SUPPLIED DATA —
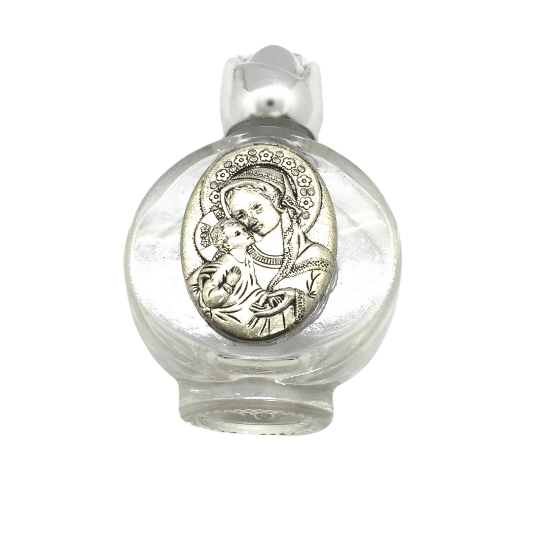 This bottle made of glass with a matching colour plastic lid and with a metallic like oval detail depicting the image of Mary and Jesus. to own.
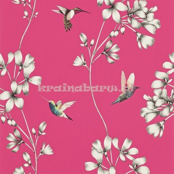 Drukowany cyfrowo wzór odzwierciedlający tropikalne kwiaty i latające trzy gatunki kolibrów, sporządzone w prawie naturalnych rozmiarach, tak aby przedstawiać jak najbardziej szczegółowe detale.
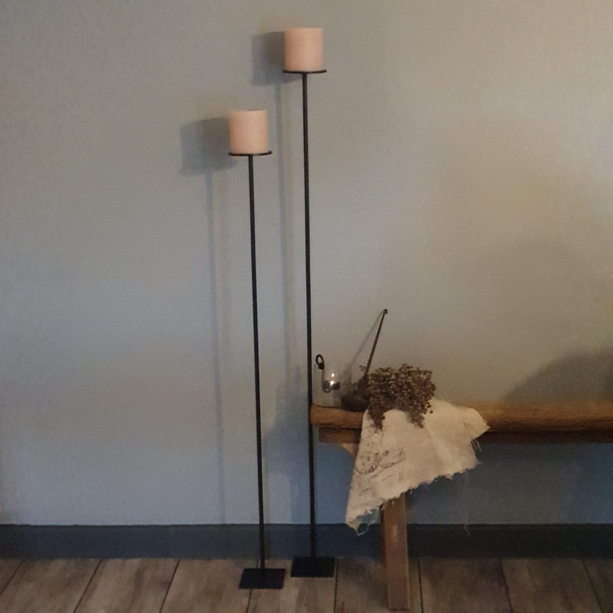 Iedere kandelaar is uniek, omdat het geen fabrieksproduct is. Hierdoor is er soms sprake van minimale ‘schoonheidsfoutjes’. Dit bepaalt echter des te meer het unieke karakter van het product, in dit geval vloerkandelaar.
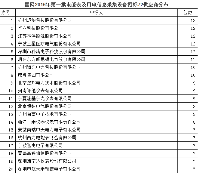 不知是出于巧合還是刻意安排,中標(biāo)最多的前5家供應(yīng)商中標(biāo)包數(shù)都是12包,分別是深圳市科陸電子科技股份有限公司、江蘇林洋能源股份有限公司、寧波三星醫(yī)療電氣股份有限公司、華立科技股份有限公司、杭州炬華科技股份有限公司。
==
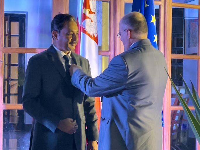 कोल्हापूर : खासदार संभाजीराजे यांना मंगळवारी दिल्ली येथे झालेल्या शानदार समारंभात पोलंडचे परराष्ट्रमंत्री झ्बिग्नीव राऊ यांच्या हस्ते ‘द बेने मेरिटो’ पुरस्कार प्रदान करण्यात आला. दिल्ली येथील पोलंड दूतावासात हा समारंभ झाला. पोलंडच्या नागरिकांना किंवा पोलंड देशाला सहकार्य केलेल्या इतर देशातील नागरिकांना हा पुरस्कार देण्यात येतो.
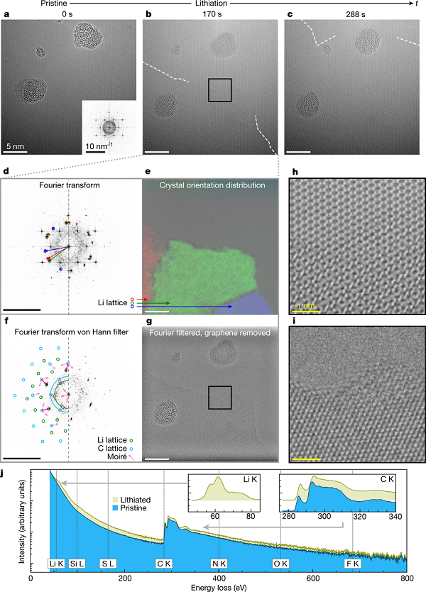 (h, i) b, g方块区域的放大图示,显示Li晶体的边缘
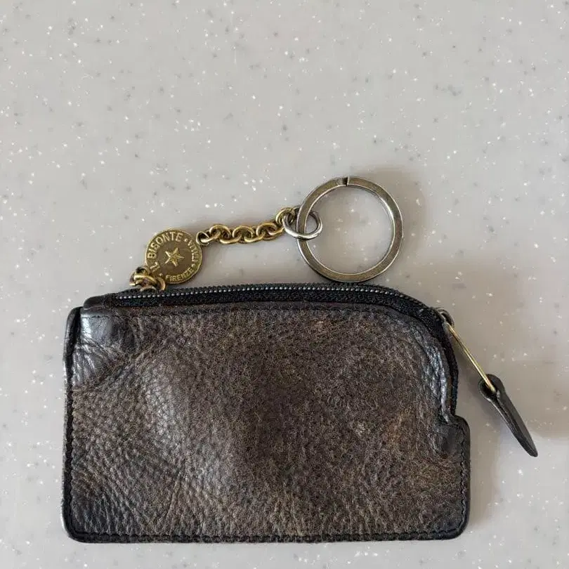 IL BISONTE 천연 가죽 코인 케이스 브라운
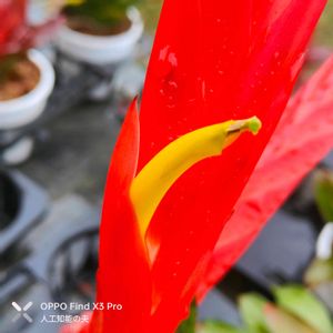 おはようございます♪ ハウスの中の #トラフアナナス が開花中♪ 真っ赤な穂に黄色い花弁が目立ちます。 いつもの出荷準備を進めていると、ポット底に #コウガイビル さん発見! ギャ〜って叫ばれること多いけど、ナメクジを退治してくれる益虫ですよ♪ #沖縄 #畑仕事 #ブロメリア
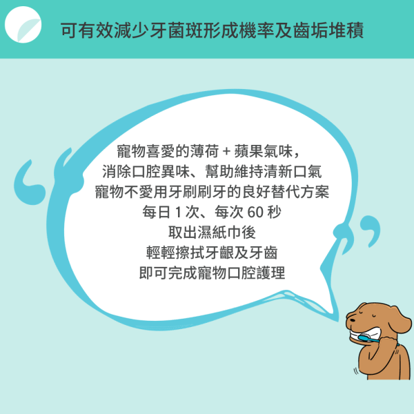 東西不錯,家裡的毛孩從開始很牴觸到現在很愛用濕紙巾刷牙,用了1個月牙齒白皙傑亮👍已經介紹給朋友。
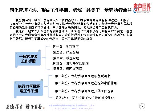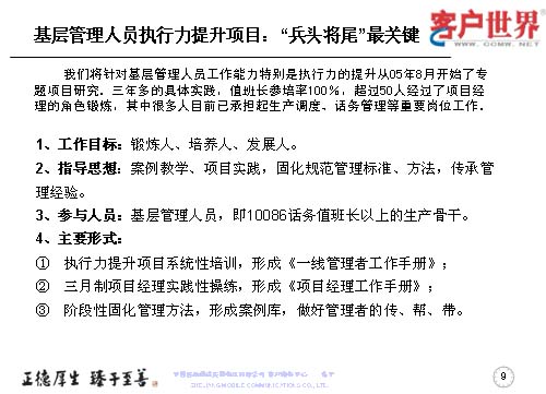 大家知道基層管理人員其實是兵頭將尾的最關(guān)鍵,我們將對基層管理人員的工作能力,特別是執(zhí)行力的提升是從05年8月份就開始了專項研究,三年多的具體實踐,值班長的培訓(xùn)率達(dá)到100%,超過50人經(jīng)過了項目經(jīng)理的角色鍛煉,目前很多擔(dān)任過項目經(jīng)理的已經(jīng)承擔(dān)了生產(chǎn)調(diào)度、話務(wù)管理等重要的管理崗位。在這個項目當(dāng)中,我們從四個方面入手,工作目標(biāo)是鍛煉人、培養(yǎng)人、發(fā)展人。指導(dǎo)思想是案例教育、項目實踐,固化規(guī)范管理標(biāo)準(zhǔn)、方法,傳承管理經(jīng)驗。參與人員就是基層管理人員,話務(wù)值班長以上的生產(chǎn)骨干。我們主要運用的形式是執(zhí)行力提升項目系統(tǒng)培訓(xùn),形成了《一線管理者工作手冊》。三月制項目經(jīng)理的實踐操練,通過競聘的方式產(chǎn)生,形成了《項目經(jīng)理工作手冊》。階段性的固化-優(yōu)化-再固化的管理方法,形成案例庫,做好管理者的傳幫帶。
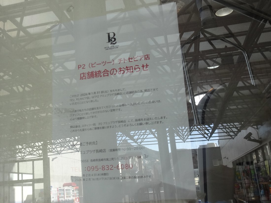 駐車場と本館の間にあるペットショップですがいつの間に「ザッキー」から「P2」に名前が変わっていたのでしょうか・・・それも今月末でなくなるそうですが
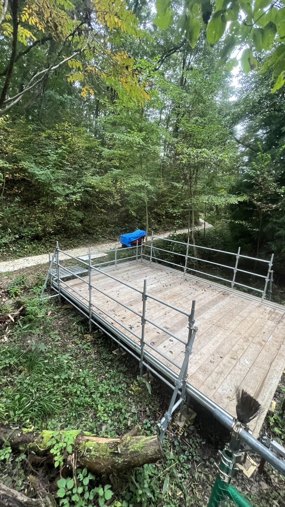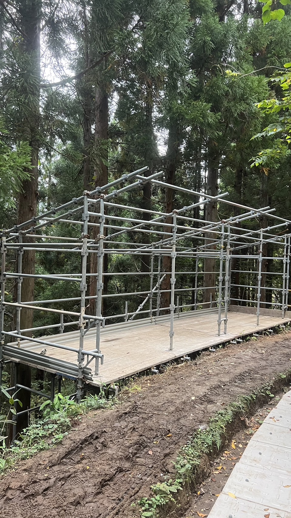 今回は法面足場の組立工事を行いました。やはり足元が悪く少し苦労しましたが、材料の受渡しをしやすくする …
---
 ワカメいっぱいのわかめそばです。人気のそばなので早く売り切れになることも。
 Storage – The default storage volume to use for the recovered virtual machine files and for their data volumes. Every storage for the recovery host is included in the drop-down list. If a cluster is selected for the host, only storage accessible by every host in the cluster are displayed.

PROBLEM DESCRIPTION — Would you transcribe the lines above exactly, going from the line bearing "This bottle made" through the line bearing "Drukowany cyfrowo wzór", and drop the pictures from the copy?

RESULT OF THIS TASK —
 This bottle made of glass with a matching colour plastic lid and with a metallic like oval detail depicting the image of Mary and Jesus. to own.
 Drukowany cyfrowo wzór odzwierciedlający tropikalne kwiaty i latające trzy gatunki kolibrów, sporządzone w prawie naturalnych rozmiarach, tak aby przedstawiać jak najbardziej szczegółowe detale.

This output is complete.